Talvez tivesse que ser assim. Talvez a nossa humanidade tivesse mesmo que nascer dentro de outro ser humano para garantir que pelo menos uma pessoa no mundo, ia amar a gente de qualquer forma. Acima dos peitos vertendo leite e mamilos doloridos. Acima das fraldas. Isso sem contar a pá de decepções que, vez que outra, traríamos pra casa. Alguém nesse mundo tinha que garantir que haveria um abraço quando tudo parecia perdido.

Pode ter sido Deus. Ou mesmo a seleção natural que definiu que a nossa chance de sobrevivência em um mundo, muitas vezes, frio e duro, dependia da garantia de um – pelo menos UM – amor eterno. É por isso que a gente nasce bonitinho. As chances de nossas mães desistirem desse perrengue que é a maternidade depois de algumas noites sem dormir eram tão grandes, que aprendemos a ser fofos mesmo com cólica. A gente precisava de amor e cuidado, então Deus ou Darwin criou as mães.
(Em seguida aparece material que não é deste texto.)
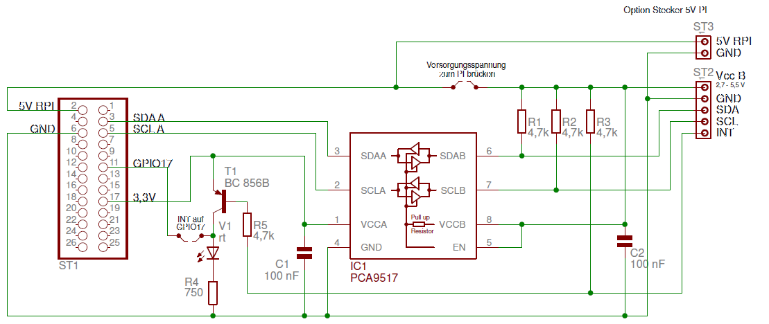 Dadurch erhalten Sie zwar keine richtige galvanische Trennung zwischen der Versorgungsspannung des Raspberry PI und der I2C-Peripherie Aber es ist zumindest ein Bauteil dazwischen, welches die empfindlichen GPIO-Pins vor höheren Spannungen schützt.

A gente bem sabe que amores românticos explodem e morrem. Amizades são mais permanentes, mas ainda assim, vem e vão. Então mãe é aquele seguro de vida que nasceu com você. Literal e figurativo. Espiritual ou naturalista, você há de admitir que “mãe” foi a peça-chave na sobrevivência e evolução da humanidade (grupo social ou benevolência).

Não é tão difícil de entender. A gente nasceu dentro delas, oras. Nossos corações pulsaram juntos. A gente dividiu enzimas, nutrientes. Alimentamo-nos do corpo delas, e elas, em contrapartida, nos sentiram crescer. Ok, você poderia dizer o mesmo sobre parasitas, mas elas escolheram acolher esse parasita. É impossível que essa coexistência não crie laços profundos. Nós somos os parasitinhas que elas escolheram cultivar.

A minha mãe certa vez me disse, que depois que eu nasci ela nunca mais se sentiu sozinha. E hoje penso que talvez seja, porque até antes de eu nascer, eu não era uma pessoa, eu parte dela. Eu era muito ela! Não dava pra separar nós duas. E depois que eu nasci…, bom, daí eu virei outro ser humano, criei independência. Mas então ela percebeu – olha que coisa louca – que não dava pra separar nós duas da mesma forma. E fazem mais de 30 anos que o cordão umbilical se foi.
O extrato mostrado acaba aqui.